Mit den Falciani-Daten können in etlichen Ländern SteuerbetrügerInnen ermittelt und massive Steuernachzahlungen durchgesetzt werden. Allein in Spanien sind es fast 700, mehrere hundert Millionen Euro fliessen in die leere Staatskassen. Somit gibt es gute Gründe, dass die spanische Justiz die Auslieferung von Falciani im Mai 2013 an die Schweiz ablehnt. Sogar das Ministerium für Staatsanwaltschaft, vertreten durch Dolores Delgado, spricht sich gegen eine Auslieferung aus. Denn auch Delgado sieht es nicht als erfüllt an, dass die Vorwürfe in Spanien strafbar seien. Gesetze gegen Geldwäsche und Steuerhinterziehung schreiben in Spanien gar vor, dass diesbezügliche Straftaten angezeigt werden müssen, wenn man Kenntnis davon erlangt. «Wir können nicht die bestrafen, die strafbare Handlungen feststellen und anzeigen», erklärt die Staatsanwältin angesichts eines Steuerbetrugs im Umfang von etwa 300 Milliarden Euro, der sich allein bei der HSBC aus den Falciani-Listen ergab.

Heroische Wahrheit
Falciani ist nun wieder ein freier Mensch. Doch warum wurde er überhaupt ein zweites Mal verhaftet und warum kam es zu einem erneuten Prozess? Anfang April kommt Falciani wieder in den Knast. An der Regierung sitzt Mariano Rajoy mit seiner postfaschistischen Partido Popular. Die Verhaftung steht in völligem Widerspruch zur Argumentation, mit der selbst die Staatsanwaltschaft 2013 die Auslieferung ablehnte. So drängt sich der wohl berechtigte Verdacht auf, dass die Verhaftung einen politischen Grund haben muss. «Ist die Festnahme des Whistleblowers, der die Menschenrechte verteidigt, ein Gefallen Spaniens, um die Auslieferung von Anna Gabriel und anderer ExilantInnen von der Schweiz zu fordern?», fragt der Podemos-Chef im Europaparlament Miguel Urbán gleich nach der Festnahme von Falciani. Urbán hielt in der Hauptstadt einem Vortrag an einer Universität über Korruption und Steueroasen. Der Titel nahm die Vorgänge praktisch schon vorweg: «Wenn es heroisch ist, die Wahrheit zu sagen».

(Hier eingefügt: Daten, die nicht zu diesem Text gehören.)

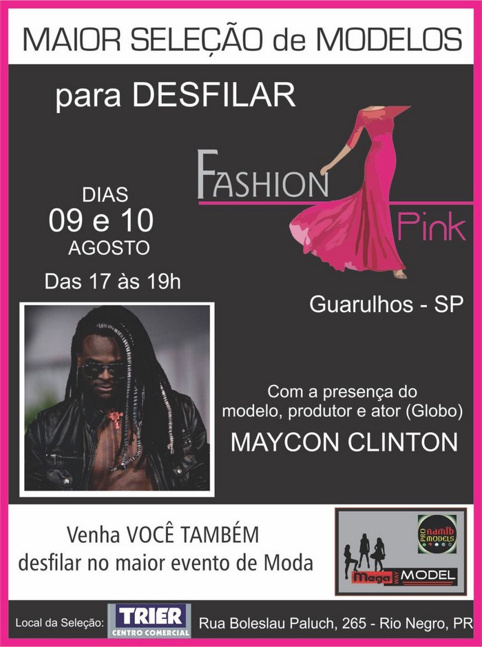 Estando em nossas cidades para esta atividade, Maycon fará uma grande seletiva de novos modelos para desfilar no Fashion Pink e desta forma prepará-los para o mercado de trabalho.

Tatsächlich drängt sich die Vermutung von Urbán geradezu auf, dass Spanien mit der Festnahme die Auslieferung der Katalaninnen Anna Gabriel und Marta Rovira erreichen will, die sich ins Schweizer Exil begeben haben. Die Antikorruptionsaktivistin Simona Levi, die Falciani gut kennt, hat keinerlei Zweifel daran, dass die spanische Regierung genau diesen Kuhhandel vorhat: «Das kann ein fünfjähriges Kind analysieren», erklärte sie. Auch Falcianis Anwalt sieht einen Zusammenhang und spricht von einer «Rechtsumgehung». Er möchte sich «nicht einmal vorstellen», dass es zum Tausch mit der ehemaligen Sprecherin der linksradikalen CUP Anna Gabriel und der Generalsekretärin der Republikanischen Linken kommen könne.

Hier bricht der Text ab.